Despite the fact that almost every doctor, midwife, consultant and nurse we have seen has told us that they have no reason why he was born so prematurely, I feel so guilty that it was something I did. Today I listened to Stacey Solomon’s podcast and she said something that really resonates with me. She said that she feels as though she may have “wished” her child to be born because she was so excited to meet him and she had been busy working throughout her pregnancy that she thought she had more time before he arrived. I know exactly how she feels.

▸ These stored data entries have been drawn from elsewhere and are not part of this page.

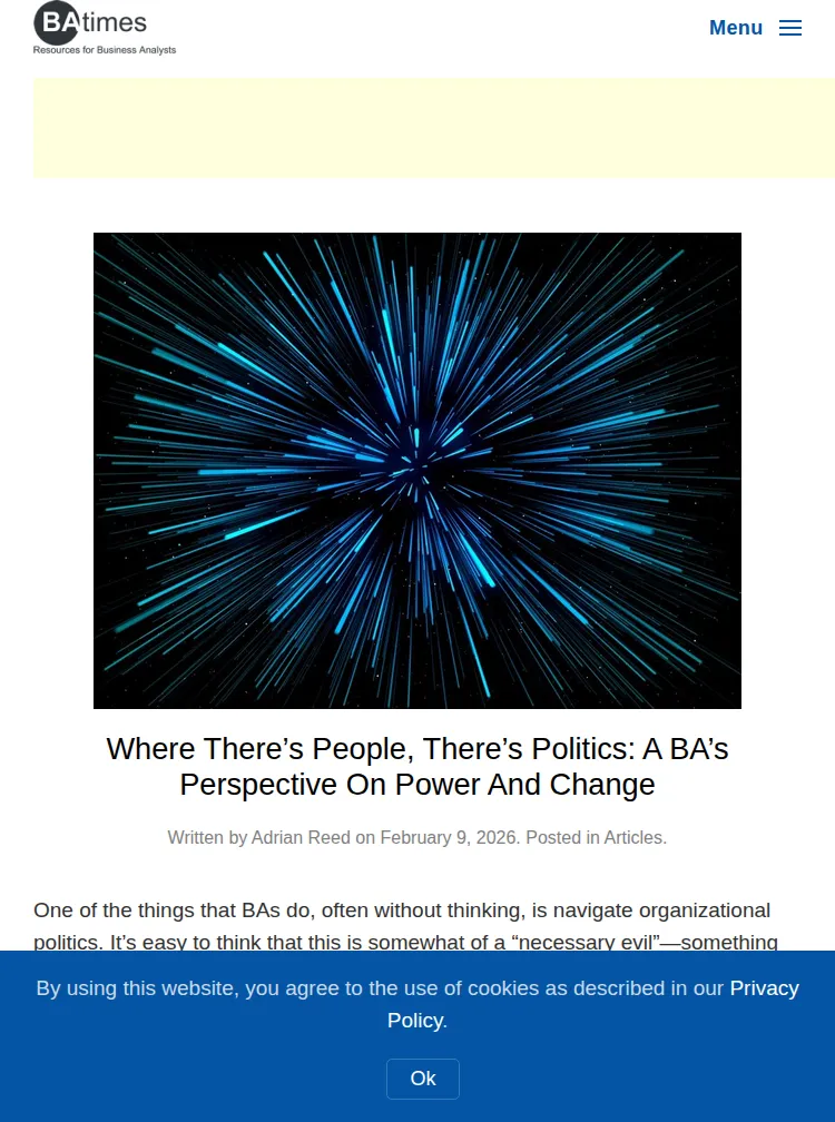 The post Where There’s People, There’s Politics: A BA’s Perspective on Power and Change appeared first on Business Analyst Articles, Webinars, Templates, Jobs.
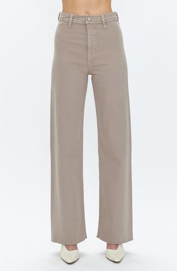Made with a flat front and no side seams for a sleek silhouette, these modern jeans comfortably hug the waist and relax into wide, raw-cropped legs.
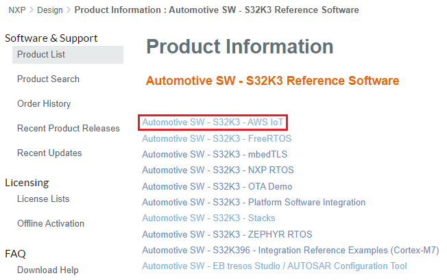 [Automotive SW(車載SW)]→[S32K3 Reference Software(S32K3リファレンス・ソフトウェア)]→[Automotive SW(車載SW)]→[S32K3]→[AWS IoT]→[S32K3 AWS IoT Core Version 1.0.0(S32K3 AWS IoT Coreバージョン1.0.0)]→ SW32K3_AWS_IOT_CORE_1.0.0_D2304_updatesite.zip
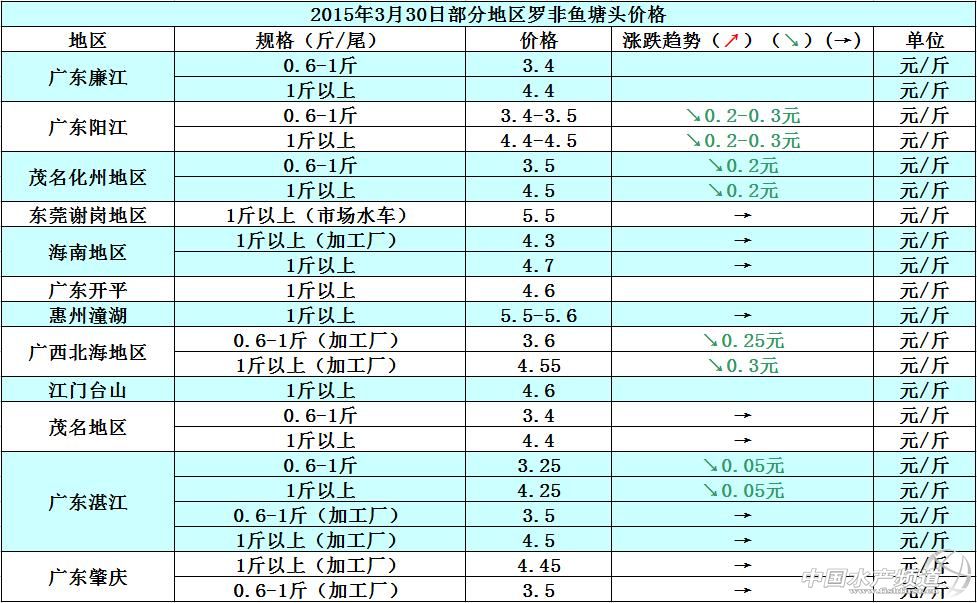 中國水產頻道原創報道,以下是海南地區、湛江地區、陽江地區、茂名地區2014年和2015年1斤以上/尾規格羅非魚的價格趨勢圖。圖中可以很明顯的看出,2015年的羅非魚價格跟2014年的羅非魚價格相比相差了1元左右/斤,整體價格差異很大。2015年1月初,元旦過后,各地的銷售行情依舊低迷,魚價毫無起色,預計后市魚價漲幅空間不大。1月中下旬,部分地區的魚價稍有上漲,但是行情依舊不理想,整體銷售量還是偏小。2月初,各地合規格的羅非魚存塘量少,年關越來越近,加工廠也陸續放假,預計短期內的魚價還是趨向于平穩,上漲空間不會太大。2月中下旬,因為是年假期間,各地的加工廠還未開始上班,市場銷售量方面也處于相對穩定的狀態,魚價跟放假之前相比整體持平,價格無變化。3月初,春節假期已過,市場需求減淡,魚價持續低位運行,整體價格難上漲。3月中旬,羅非魚加工廠的訂單量少,致使加工廠的收購量縮減,加上內銷市場的需求量少,現在整體魚價趨向下滑,預計短期內各地的魚價上漲難度較大。具體價格趨勢如下:
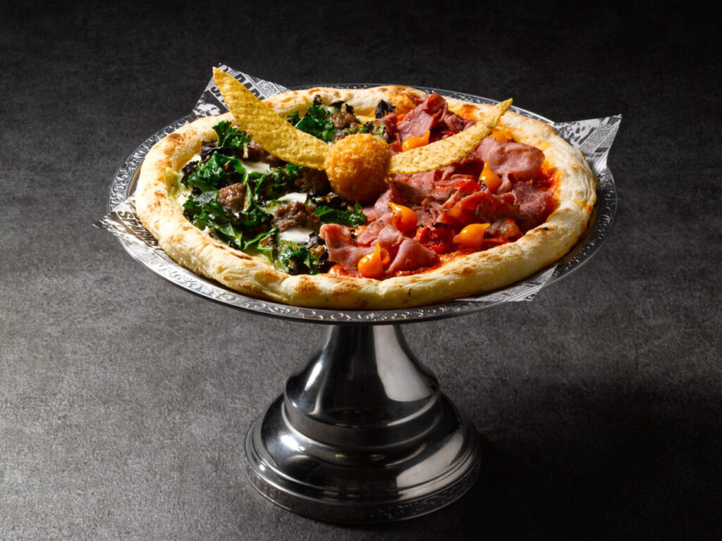 そして今回の特別企画『ホグワーツからの招待状』では、期間限定のかわいいフードもたくさんあります!中でもおすすめしたいのが、組分け帽子型のチョコレートタルト。ホグワーツ魔法魔術学校のそれぞれの寮をイメージした色のカスタードクリームがランダムで入っているんです。食べてみないとどの色が入っているかわからない仕組みになっているので視覚的な楽しみもありつつ、食べ進めながらドキドキワクワクできるのですごくおすすめです。他のフードメニューにはカボチャパイだったり、ピザだったり、比較的大人数で食べられるメニューもあるので、家族みんなで来ても楽しいだろうなと思います。
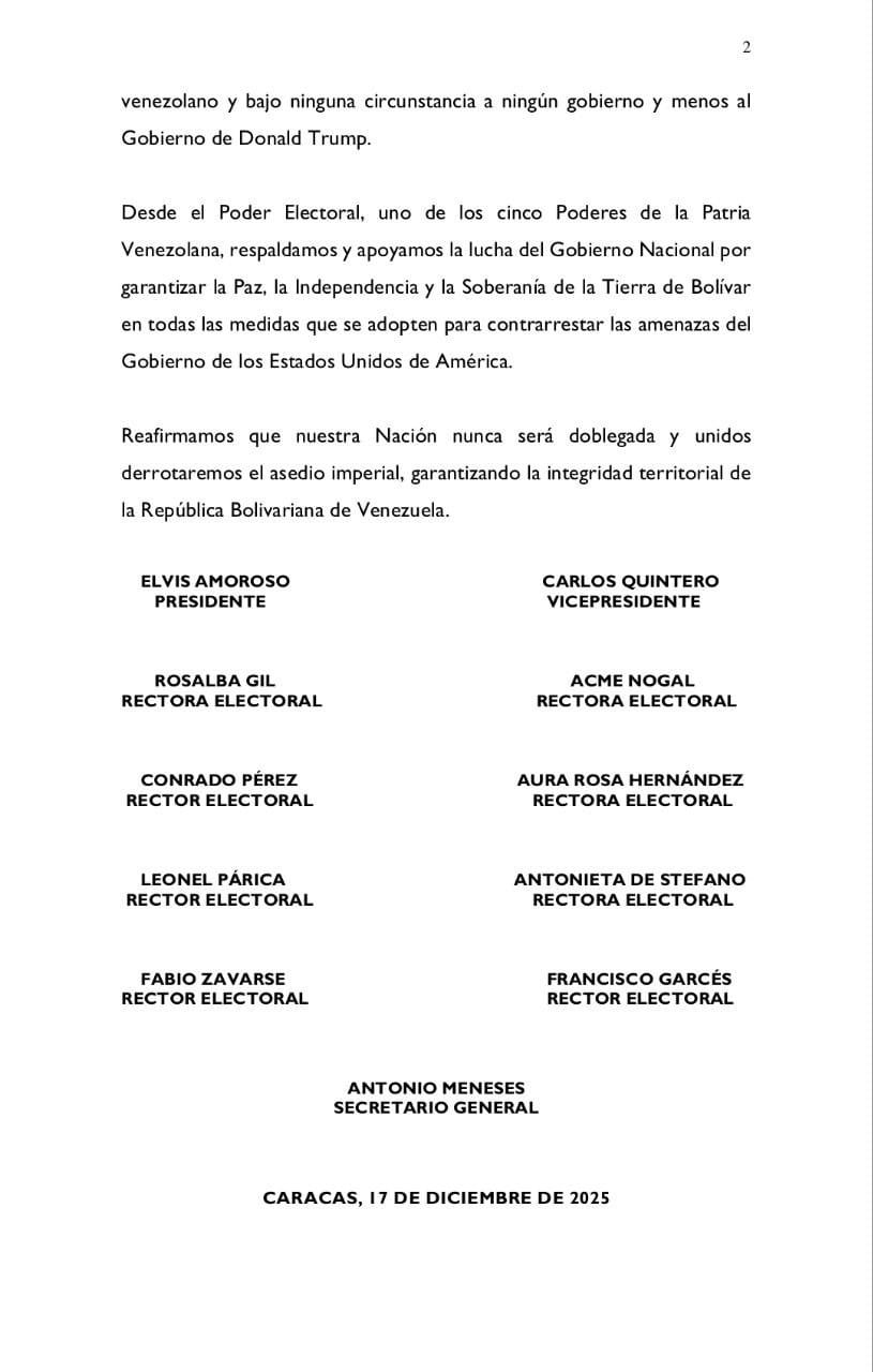 El ente rector electoral calificó las palabras del mandatario norteamericano como “impertinentes” y afirmó que tal medida “violentaría una vez más el derecho internacional”. Asimismo, señaló que el pueblo venezolano “continuará cumpliendo con el deber de defender la patria”, en apego al artículo 130 de la Constitución, por ser “una Nación soberana que decidió ser irrevocablemente libre para siempre”.
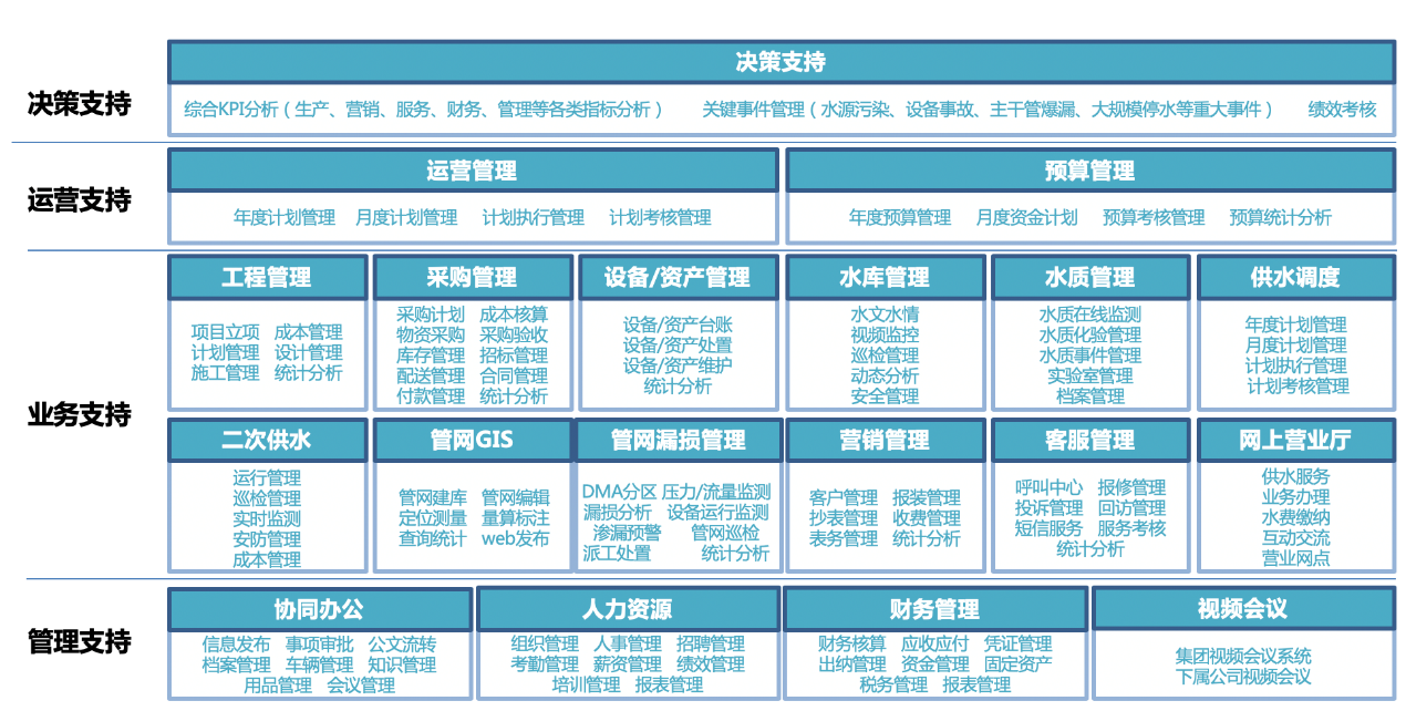 - 业务支持:管理系统含导航图、设备管理、报表管理、水质管理、成本与指标统计分析、报警管理、现场场景虚拟现实、安全管理、远程监控、化验室管理、绩效管理、风险评估、运行最优方案、知识共享中心、移动客户端等;管网系统含导航图、自来水管网GIS系统、自来水SCADA系统、自来水DMA分区计量系统、自来水管网运维系统、自来水管网分析、自来水营收系统、报警管理、移动客户端等。
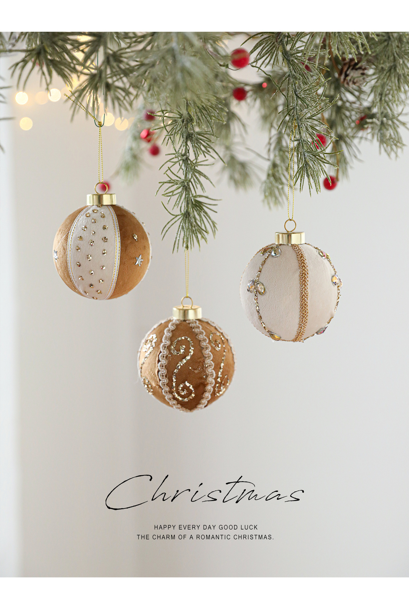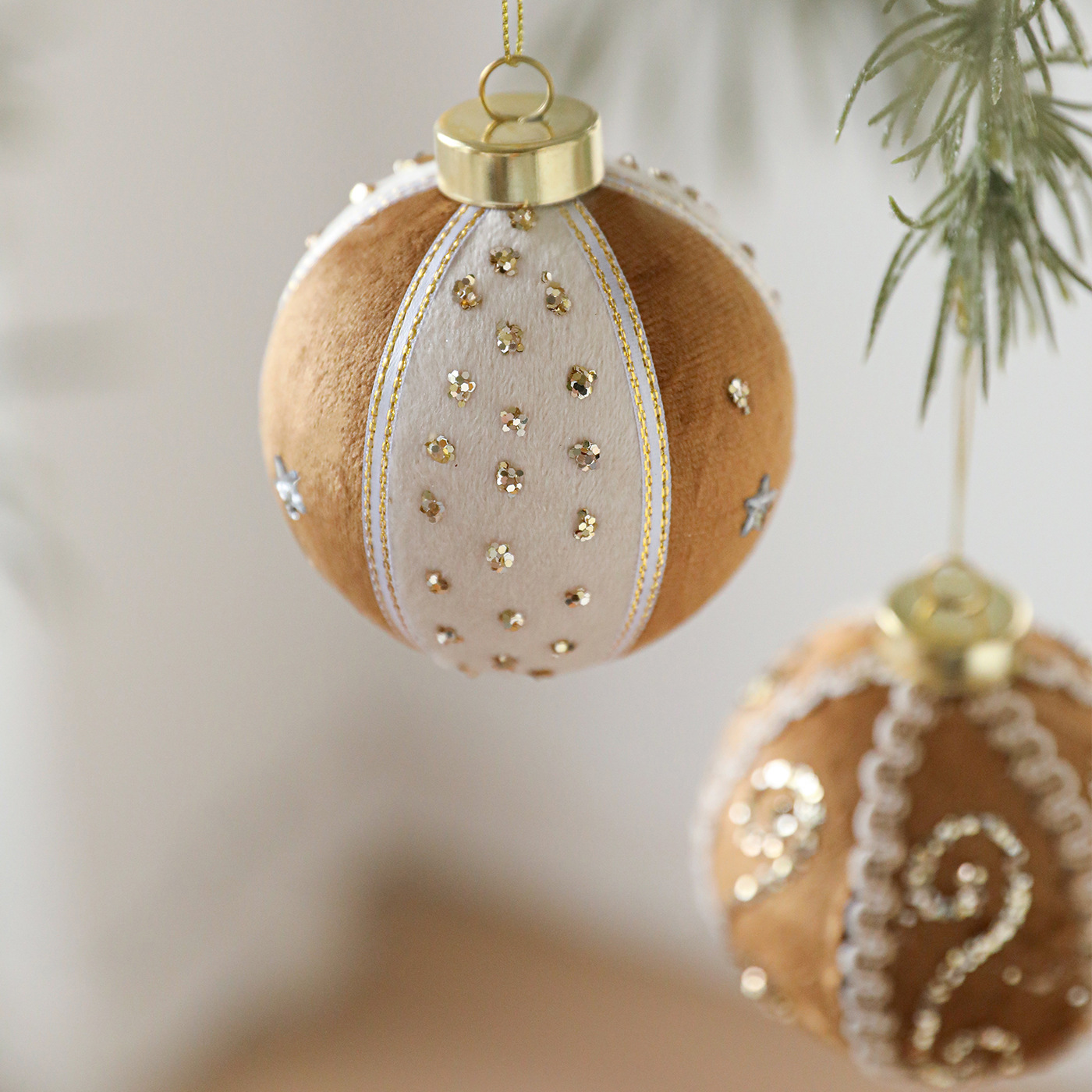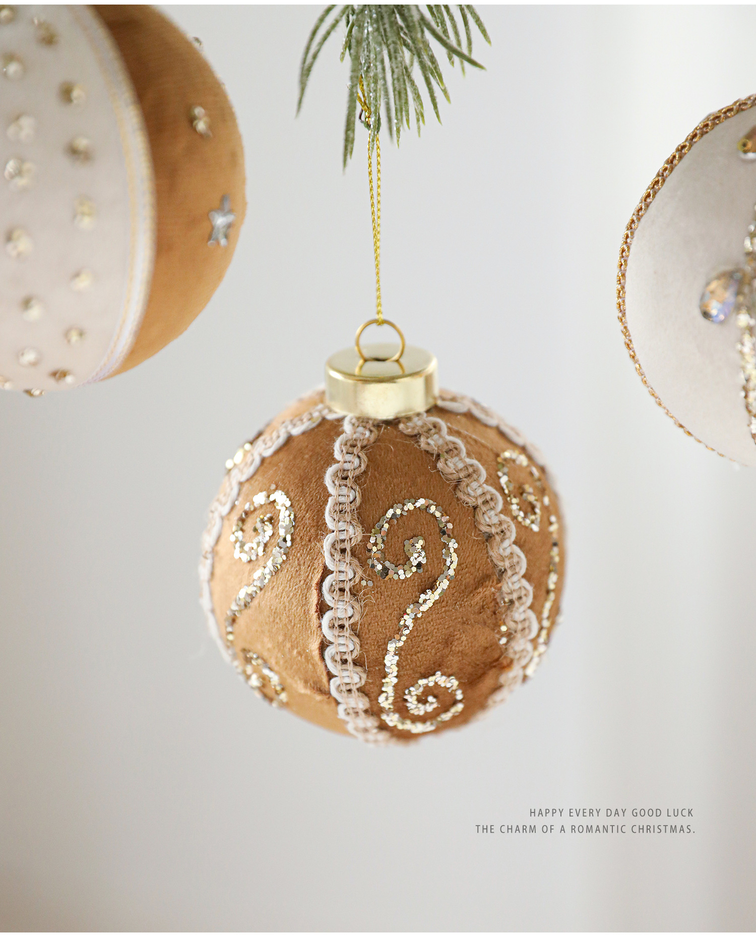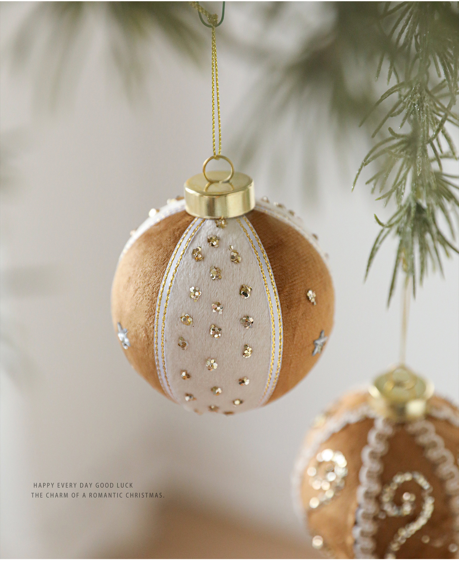 8CM coffee color patch ball, foam ball, sticky powder, gold powder, high-end fabric Christmas tree ornament, decoration, hanging ball decoration
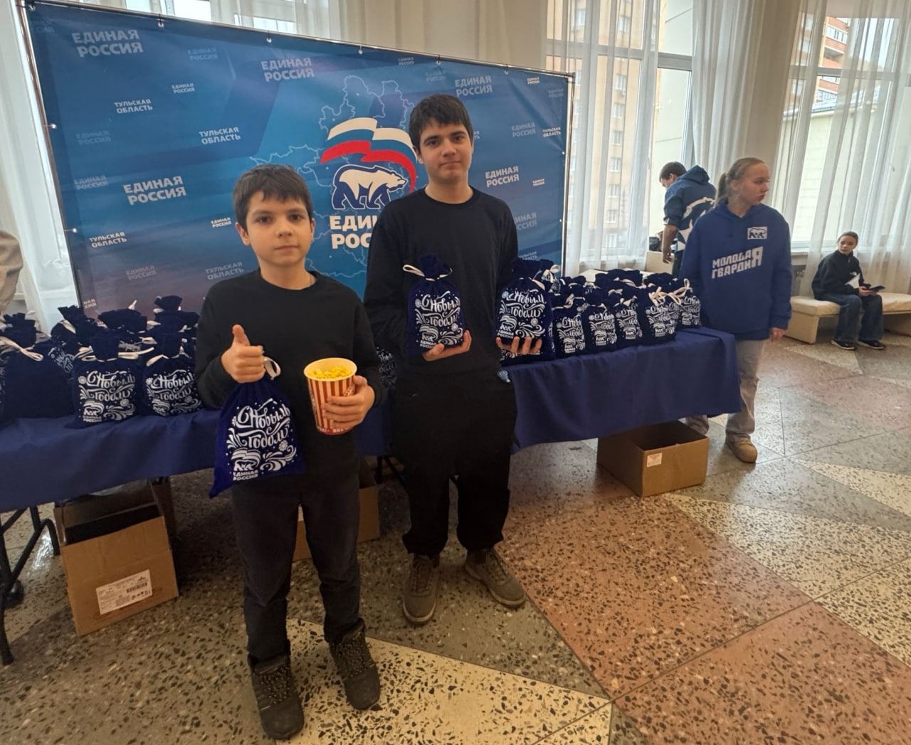 Каждому юному зрителю вручили новогодний сладкий подарок – всего партия подготовила более 1000 подарочных наборов. Так, плавские ребята уехали домой не только с яркими впечатлениями, но и с праздничным угощением в руках.

What if I had “wished” him out because I was so excited to meet him and because I had completely wasted my pregnancy. What if I had “wished” him out so quickly because of being so active and not slowing down. I had wanted to meet him so badly that I had caused him to come at just 27 weeks, when his little body was really not ready to be in the outside world.

I know that mum guilt is probably a feeling I will encounter a lot whilst being a mummy because it think every mum feels it for some reason or another but this will forever be the guilt that eats me up the most. I don’t want people to feel sorry for me or to reassure me that it wasn’t because of me that this happened, because I don’t think anyone actually knows what cause premature births, like in our case. I just want to make people aware and reassure people that everyone feels guilty for something. There will always be that thing you wished you had done differently or not done at all. There will always be what ifs. You will always wonder. That’s what being a parent is all about.

Despite how guilty I feel, I will not let it eat me up. Yes, I feel as though it was my fault, but what good is worrying about it going to do now? How is that going to help me look after my little boy in the best way I can? How is it going to help me enjoy my life? It’s not and that’t why it’s important to embrace that feeling of guilt, let it consume you, cry about it, and then let it go and focus on that little baby that needs you now. If you are lucky enough to have been blessed with that child, then don’t waste time thinking about that guilt. Love and enjoy your child. They are here in the world, however early they arrived doesn’t matter.

“The beauty of life is, while we cannot undo what is done, we can see it, understand it, learn from it and change so that every new moment is spent not in regret, guilt or fear, but in wisdom, understanding and love.”